How to cite this article: Meier, J. I. et al. Ancient hybridization fuels rapid cichlid fish adaptive radiations. Nat. Commun. 8, 14363 doi: 10.1038/ncomms14363 (2017).
Publisher’s note: Springer Nature remains neutral with regard to jurisdictional claims in published maps and institutional affiliations.
We thank all collaborators who provided tissue samples over the years: Sigal Balshine-Earn (McMaster), Roger Bills (SAIAB), Julia Day (UCL), Yves Fermon (Paris), John Friel (CUMV), Martin Genner (U Bristol), Sylvain Piry (Paris), Lukas Rüber (Bern Natural History Museum), Walter Salzburger (U Basel), Uli Schliewen (Zoologische Staatssammlung Munich), Erwin Schraml (Augsburg), Jos Snoeks (Africa Museum Tervuren), Melanie Stiassny (AMNH), George Turner (U Bangor), Sylvester Wandera (NAFIRI; Uganda) and Marco Welss (Kressberg).
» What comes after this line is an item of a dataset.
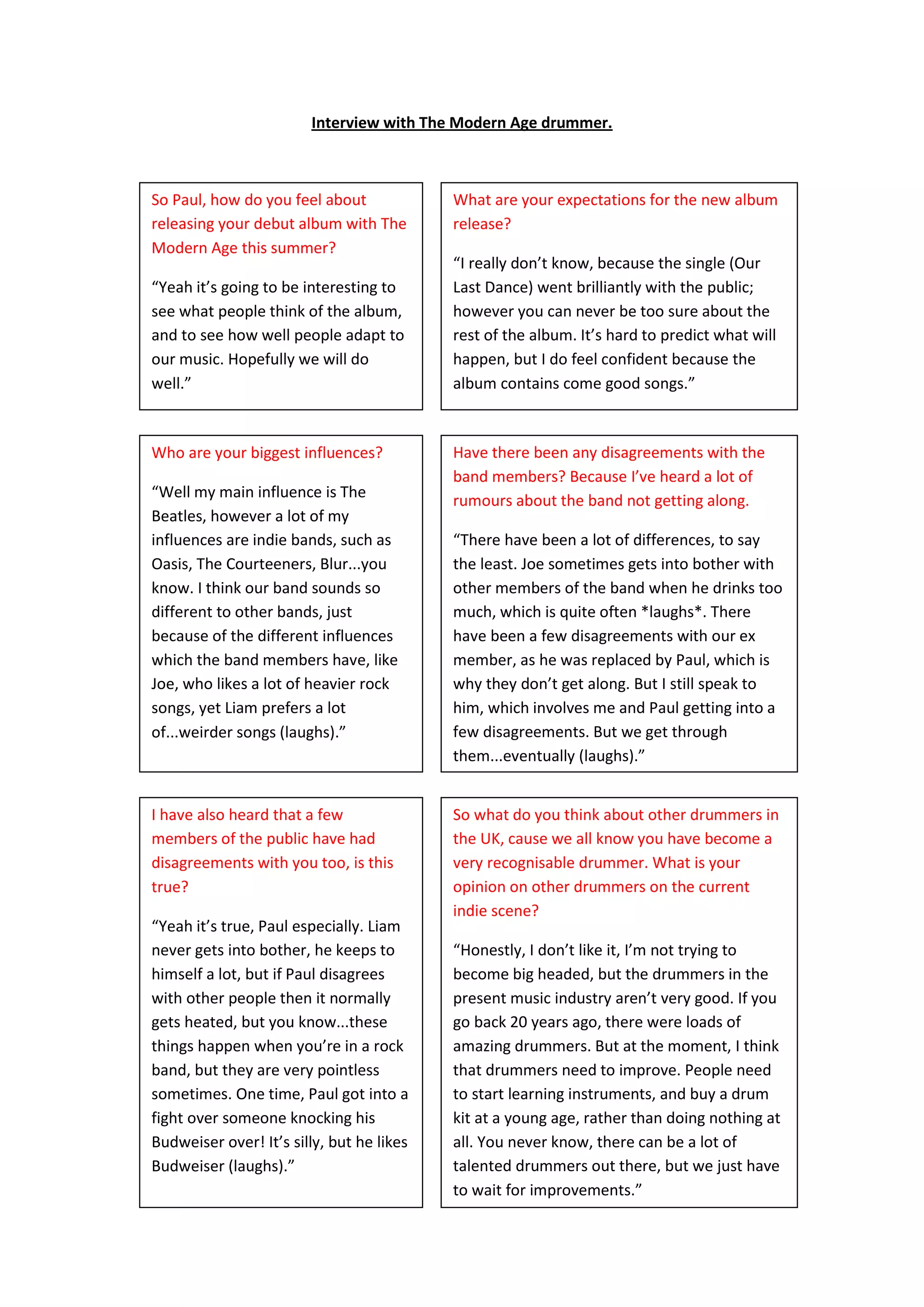 The drummer of The Modern Age band discusses their upcoming debut album release this summer in an interview. While he is unsure how the full album will be received, the lead single did very well. There have been some disagreements between band members in the past, as well as with people in the audience and other bands like Linkin Park. The drummer feels confident in their album and that it features some good songs, but they will have to wait and see how the public responds to the full release.

We also thank Matt McGee for help with DNA extraction, Keith Harshman of the Lausanne Genomic Technologies Facility and Cord Drogemüller, Tosso Leeb, Muriel Fragnière and Michèle Ackermann of the NGS platform of the University of Bern for Illumina sequencing support, Aria Minder and Stefan Zoller of the Genetic Diversity Center (GDC) at ETH Zürich and Irene Keller of the Interfaculty Bioinformatics Unit at the University of Bern for lab and bioinformatics support and discussion, and Andy Cohen for comments on the paleogeographic maps. This research was supported by the Swiss National Science Foundation grant PDFMP3 134657 to O.S. and L.E.